Now we have all we need to talk about graph rewrites.

For clarity, see  part II for the notion of  “pattern”. Its meaning depends on what we use: the graphical version of the grammar version. In the graphical version a pattern is a chemlambda graph with the free ports and invisible nodes decorated with port variables. In the grammar version we have the equivalent notion of a g-pattern, which is a way to write a pattern as a multiset of graphical elements.

It is allowed to rename the port variables in a g-pattern, such that after the renaming we still get a g-pattern. That means that if M is a g-pattern  and f is  any one-to-one function from V(M) to another set of port variables A, then we may replace any port variable x from V(M) by f(x).  We shall not think about this (sort of alpha renaming for g-patterns) as being a graph rewrite.

 

I shall use the following equivalent names further:

  • “graph rewrite”
  • “move”
  • “reduction”

In simple words, a graph rewrite is a rule which says: “replace the pattern   graph_{1} by the pattern graph_{2}“.

 

Let’s see more precisely then what is a graph rewrite. (Technically this is a simple form of graph rewrite, which is not dependent on context, later we may speak about more involved forms. First let’s understand exactly this simple form!)

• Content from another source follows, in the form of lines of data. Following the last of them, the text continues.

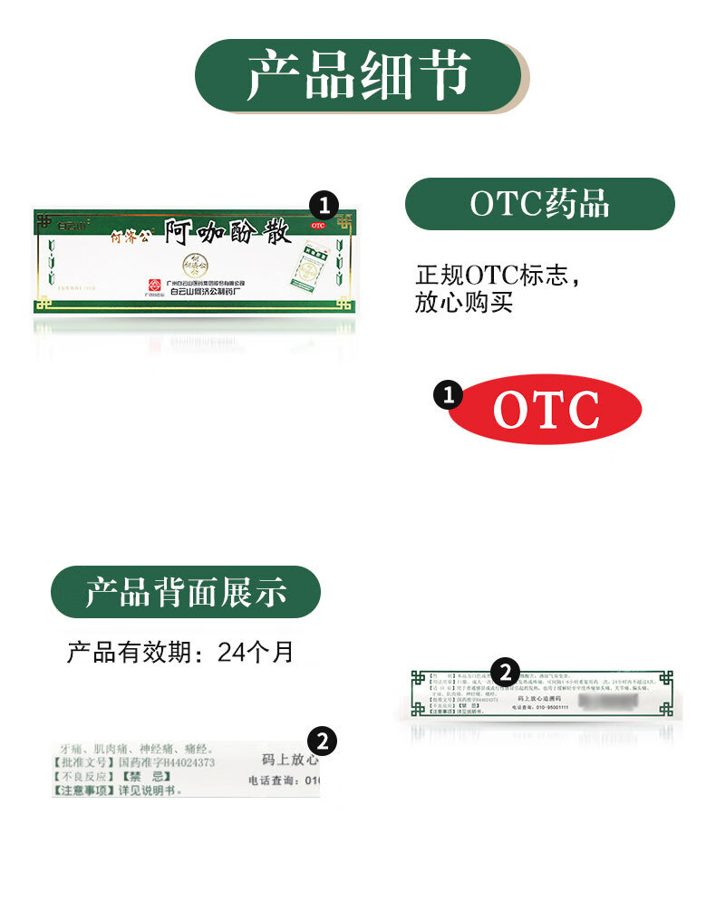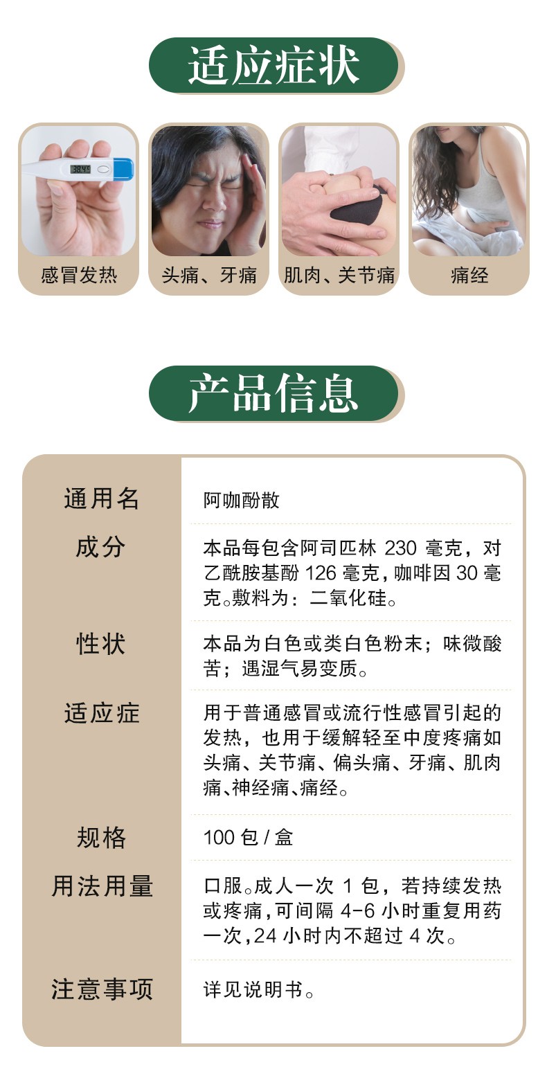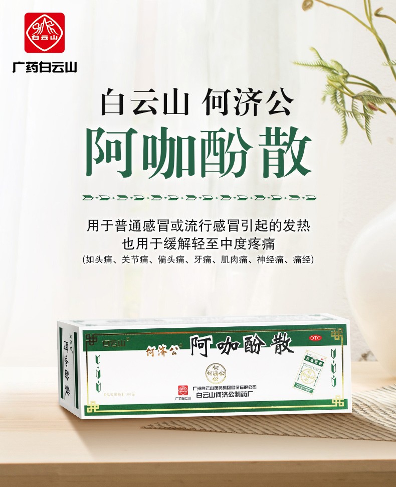 [白云山]阿咖酚散 100包 1盒装 100包 头痛粉头疼粉感冒发热 缓解头痛 关节痛 神经偏头痛 止痛退热散 100包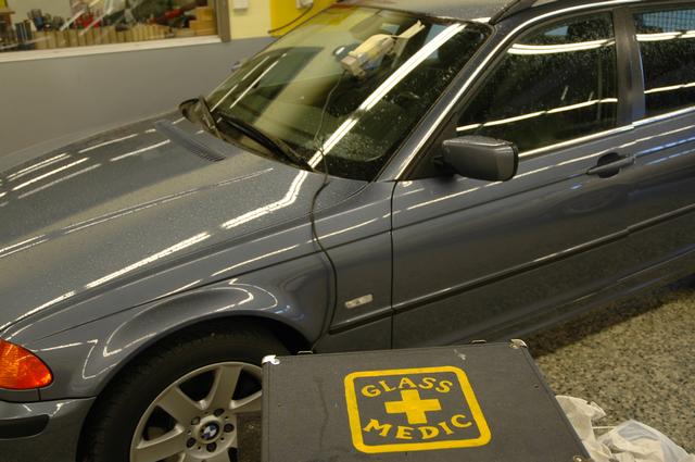 Fick ett pyttelitet stenskott mitt i siktfälet häromdagen. Testade att låta Bäckby Bilglas laga det för att minska risken att det spricker upp så man får betala 1700:- i självrisk för en ny ruta. Det blev väldigt bra faktiskt, klart värt 200:- som var kostnaden för lagning.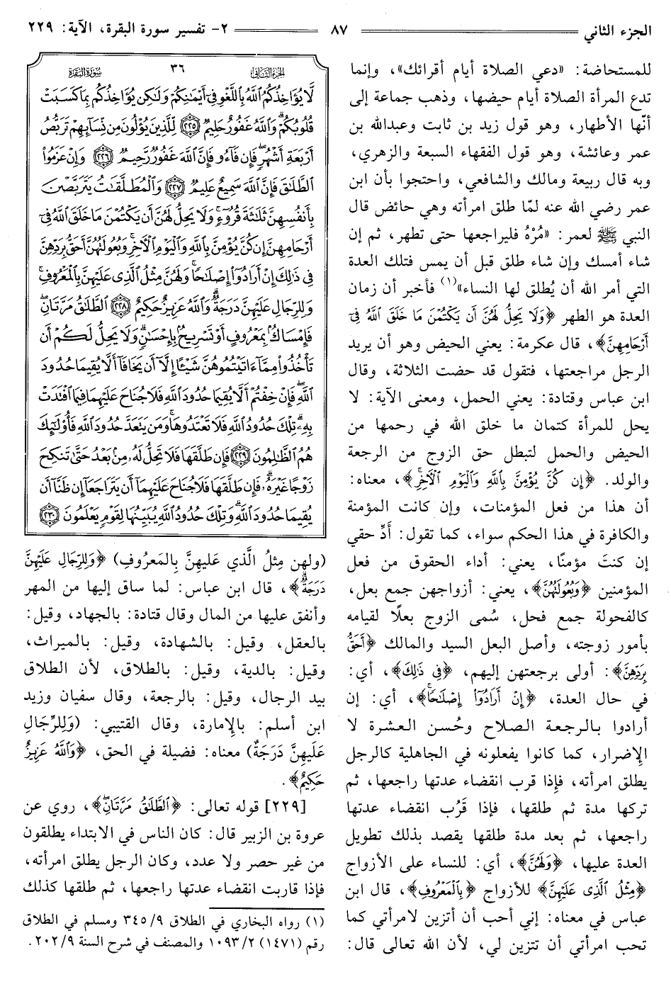 [229] قوله تعالى: {الطَّلَاقُ مَرَّتَانِ} [البقرة: 229] رُوِيَ عَنْ عُرْوَةَ بْنِ الزُّبَيْرِ قَالَ: كَانَ النَّاسُ فِي الِابْتِدَاءِ يُطَلِّقُونَ مِنْ غَيْرِ حَصْرٍ وَلَا عِدَدٍ، وَكَانَ الرَّجُلُ يُطَلِّقُ امْرَأَتَهُ، فَإِذَا قَارَبَتِ انْقِضَاءَ عِدَّتِهَا رَاجَعَهَا، ثم طلقها كذلك

In order to define a graph rewrite, or move, we need two g-patterns, call them graph_{1} and graph_{2}, such that (perhaps after a renaming of port variables):

  • they have the same set of FV_in port variables
  • they have the same set of FV_out variables

A move is a pair of such g-patterns. The graph_{1} is called the LEFT pattern of the move, the graph_{2} is called the RIGHT pattern of the move.

The move can be performed from LEFT to RIGHT, called sometimes the “+” direction: replace the LEFT pattern by the RIGHT pattern.

Likewise, the move can be performed from RIGHT to LEFT, called sometimes the “-” direction: replace the RIGHT pattern with the LEFT pattern.

Technically, what I describe here can be made fully explicit as a DPO graph rewriting.

Even if the moves are reversible (they can be performed in the + or – direction), there is a preference to use only the “+” direction (and to embed, if needed, a move performed in the “-” direction into a sequence of moves, called “macro”, more about this later).

The “+” direction is not arbitrarily defined.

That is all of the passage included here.